Revenu de base : la proposition de loi socialiste rejetée sans débat

Par Pierre Cheminade  |   |  596  mots
L'hémicycle de l'Assemblée nationale, ce jeudi 31 janvier 2019, lors du rejet de la proposition de loi sur l'expérimentation d'un revenu de base. (Crédits : Capture écran Assemblée nationale)
L'Assemblée nationale a rejeté, avant même d'en débattre, la proposition de loi socialiste proposant l'expérimentation d'un revenu de base pendant trois ans dans des territoires volontaires. C'est un revers pour cette démarche dont Jean-Luc Gleyze, le président du conseil départemental de Gironde, est l'un des plus fervents soutiens.

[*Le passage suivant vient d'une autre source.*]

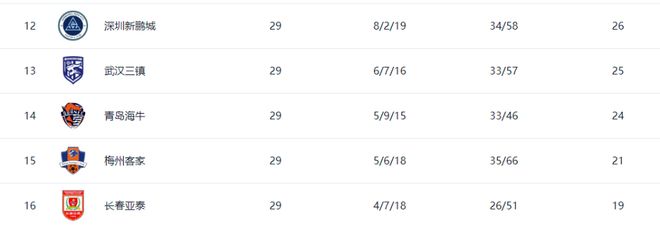 在第29轮,率先出战的深圳新鹏城客场0比1负于上海申花,长春亚泰主场0比4负于北京国安,梅州客家则2比2战平大连英博。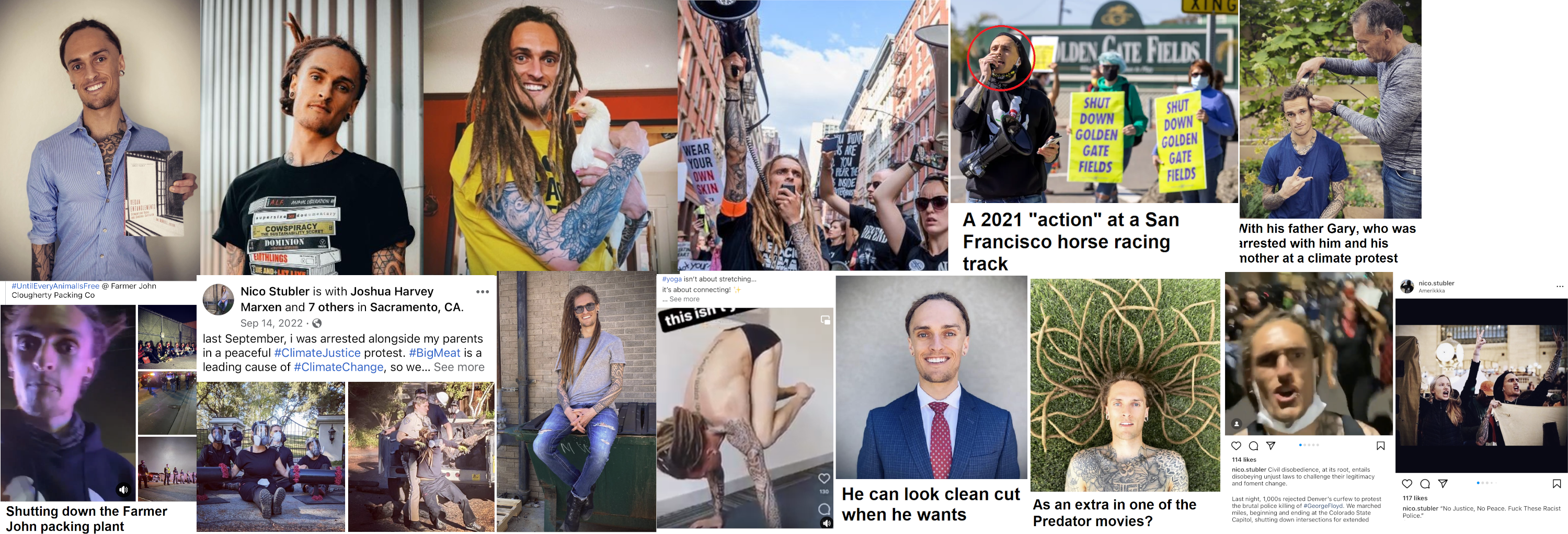 Nick "Nico" Dillon Stubler (born Apr. '94) is an organizer for the radical animal rights group Direct Action Everywhere (DxE) who was arrested at an animal theft on a Sonoma County (CA) farm in the late 2010s. His charges may have been dropped. Stubler participated in a 2020 shutdown of a Farmer John packing plant in Vernon, California. He participated in at least one June 2020 George Floyd riot in Denver where he chanted "We want justice, f**k your curfew." (See his Instagram). He doesn't show up in arrest records from that riot. In 2021, he participated in an "action" at a San Francisco horse racing track at which four DxE members were arrested. He was arrested at a 2022 "climate justice" protest along with his parents, Gary and Patti Stubler in Sacramento. Stubler's most notable physical feature is the huge number of tattoos on his body. He has sleeve tats on both arms as well as a large tattoo in Hindi script on his back. He has an M.A. in animal studies from New York University. We're not certain where he lives. He claims to have moved to Berkeley, but his last known address was his parents' home in Grand Junction, Colorado and he claims to have been active in BLM protests in that state. Berkeley, where DxE is headquarted, is the best guess. https://archive.ph/lXRbp#selection-1185.690-1185.703 https://archive.ph/LfL3Z https://www.banmeat.com/blog https://nstubler.wordpress.com/author/nstubler/ https://www.linkedin.com/in/nstubler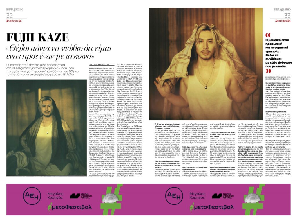 Ο Fuji Kaze, ο εκρηκτικός σταρ της ιαπωνικής ποπ σκηνής, μιλά αποκλειστικά στο BHMAGAZINO για το νέο του άλμπουμ, για την απροσδόκητη αγάπη του για τη μουσική των 80’s και 90’s, και για το παιδικό του όνειρο να ταξιδέψει στην Ελλάδα. Μια συζήτηση με πάθος, ειλικρίνεια και ανατροπές.

Comme en commission des affaires sociales la semaine précédente, les députés ont décidé, ce jeudi 31 janvier, de rejeter en séance publique la proposition de loi d'expérimentation territoriale visant à instaurer un revenu de base. Mais cette fois, avant même que le texte ne soit discuté dans l'hémicycle de l'Assemblée nationale, les députés ont adopté une motion de rejet préalable, par 64 voix contre 49, déposée par le groupe majoritaire LREM. Résultat, ni le texte, ni les amendements n'ont été examinés au-delà de la discussion générale.

Cette proposition de loi, déposée par des députés socialistes et soutenue par 18 présidents de départements, dont le Girondin Jean-Luc Gleyze, proposait l'expérimentation dans les territoires qui le souhaitent d'un revenu de base. Deux modèles étaient prévus : l'un fusionnant le RSA et la prime d'activité ; l'autre fusionnant RSA, prime d'activité et aides au logement.

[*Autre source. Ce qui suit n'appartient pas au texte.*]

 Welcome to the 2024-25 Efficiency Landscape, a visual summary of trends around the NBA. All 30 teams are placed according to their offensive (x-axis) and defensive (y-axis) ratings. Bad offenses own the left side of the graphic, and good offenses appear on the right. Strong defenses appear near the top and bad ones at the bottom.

Désaccords sur le fond et sur la forme

Présente dans l'hémicycle, Christelle Dubos, la secrétaire d'Etat auprès d'Agnès Buzyn, la ministre des Solidarités, a déclaré vouloir "donner un souffle nouveau au système de solidarité" et a qualifié la réflexion initiée par les auteurs du texte "d'éminemment juste et légitime". Cependant, elle a renvoyé le débat sur ces questions à l'an prochain : "Je défends le projet du gouvernement d'unifier une partie des prestations sociales au sein d'un revenu universel d'activité fusionnant le plus grand nombre possible de prestations sous conditions de ressources dans le cadre d'un texte qui sera voté en 2020. Je porterai politiquement ce projet."

Sur le fond, deux désaccords persistent entre les soutiens de l'expérimentation du revenu de base et la majorité gouvernementale. Les socialistes préconisent d'ouvrir ce dispositif aux jeunes de moins de 25 ans qui ne bénéficient pas actuellement du RSA et de l'attribuer de manière inconditionnelle, c'est-à-dire avec un plafond de ressources mais sans contrepartie en termes de recherche d'emploi, d'acceptation d'une offre d'emplois ou d'activité. A l'inverse, la secrétaire d'Etat considère : "l'allocation serait octroyée sous conditions de ressources. La prestation ne va pas sans l'accompagnement vers l'emploi et l'activité et un engagement de l'allocataire à le faire."

"Une posture irrespectueuse"

De son côté, Jean-Luc Gleyze, qui avait fait le déplacement à Paris pour suivre les débats, dénonce "une posture de la majorité irrespectueuse vis-à-vis des Français et d'une démarche qui méritait un peu plus de considération et un débat au sein de la représentation nationale." Et si le sort de la proposition de loi est désormais scellé, l'élu girondin entend bien se faire entendre lors de la concertation lancée par le gouvernement sur le futur revenu universel d'activité. Et en réponse à la députée Monique Iborra (LREM, Haute-Garonne) qui regrettait un texte présenté dans "la précipitation", le rapporteur Hervé Solignac (PS, Ardèche) a rappelé qu'il était "le fruit de trois ans de travail, pas seulement d'élus mais aussi et surtout de chercheurs, d'économistes et d'universitaires."

Quoi qu'il en soit, ce revers sans débat à l'Assemblée nationale marque un coup d'arrêt pour cette démarche en faveur de l'expérimentation. En plein "Grand débat national", c'est aussi un signe clair envoyé par l'exécutif quant à son ouverture et quant aux marges de manœuvre et d'expérimentation qu'il entend laisser aux collectivités locales.